Supplied material:
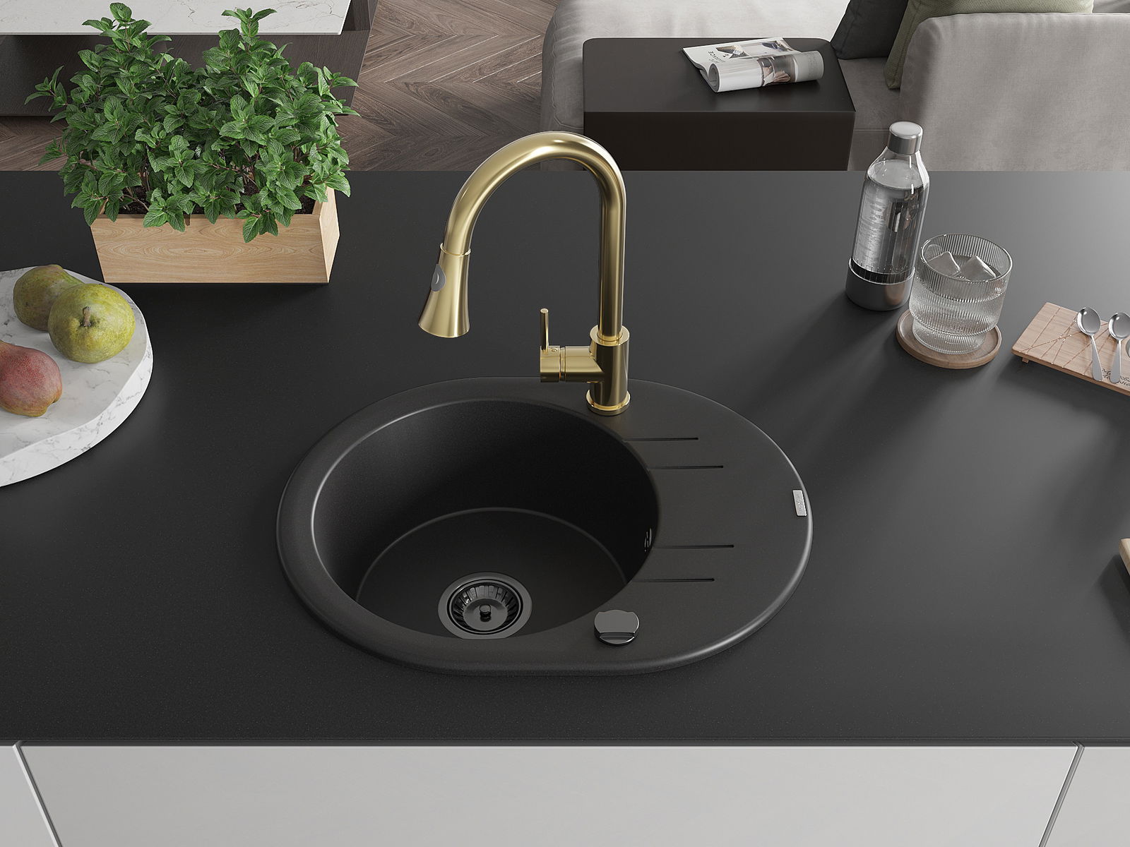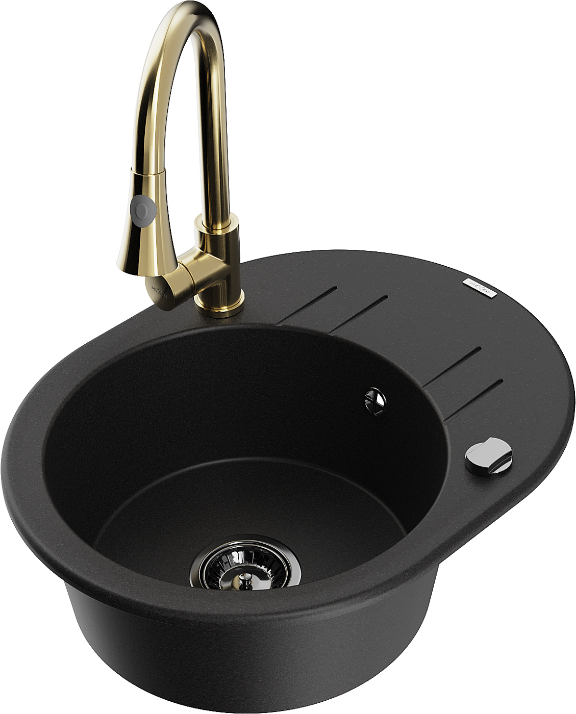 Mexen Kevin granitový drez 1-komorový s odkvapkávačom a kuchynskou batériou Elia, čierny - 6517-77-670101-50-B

==

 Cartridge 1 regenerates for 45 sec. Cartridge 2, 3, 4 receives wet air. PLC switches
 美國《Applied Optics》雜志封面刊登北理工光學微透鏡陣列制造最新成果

Your task: Taking the listing above as the source, transcribe only the lines starting at the line with "Cartridge 1 regenerates" and going through the line with "美國《Applied Opt", unaltered and with both ends included.

Exercise result:
 Cartridge 1 regenerates for 45 sec. Cartridge 2, 3, 4 receives wet air. PLC switches
 美國《Applied Optics》雜志封面刊登北理工光學微透鏡陣列制造最新成果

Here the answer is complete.